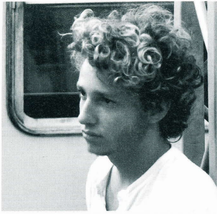
SIEBEN FRAGEN [16]
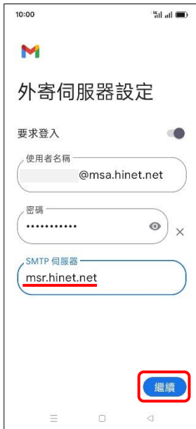
10.外寄伺服器設定 →繼續
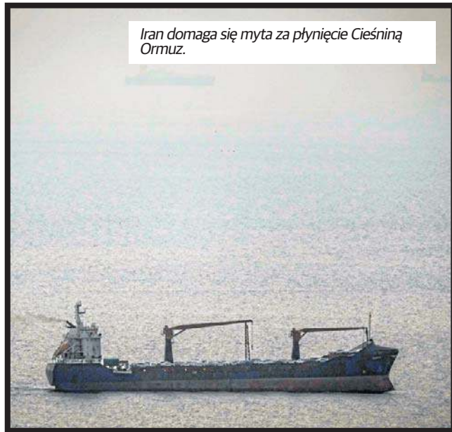
Iran domaga się myta za płynięcie Cieśniną Ormuz.

Żądania Iranu dotyczą także kluczowej pod względem strategicznym Cieśniny Ormuz. Ajatollahowie chcą, by statki przepływające przez nią płaciły im myto. Przesmyk ten był przed rozpoczęciem wojny drogą dla 20 procent światowego transportu ropy naftowej. Iran nie zamierza także przerywać
—————
WORK REQUEST — A word-for-word repeat is expected of the lines from the one with "10.外寄伺服器設定 →繼續" to the end of the data, both included; pictures are not part of it.

ANSWER SPACE —
10.外寄伺服器設定 →繼續
Iran domaga się myta za płynięcie Cieśniną Ormuz.

Żądania Iranu dotyczą także kluczowej pod względem strategicznym Cieśniny Ormuz. Ajatollahowie chcą, by statki przepływające przez nią płaciły im myto. Przesmyk ten był przed rozpoczęciem wojny drogą dla 20 procent światowego transportu ropy naftowej. Iran nie zamierza także przerywać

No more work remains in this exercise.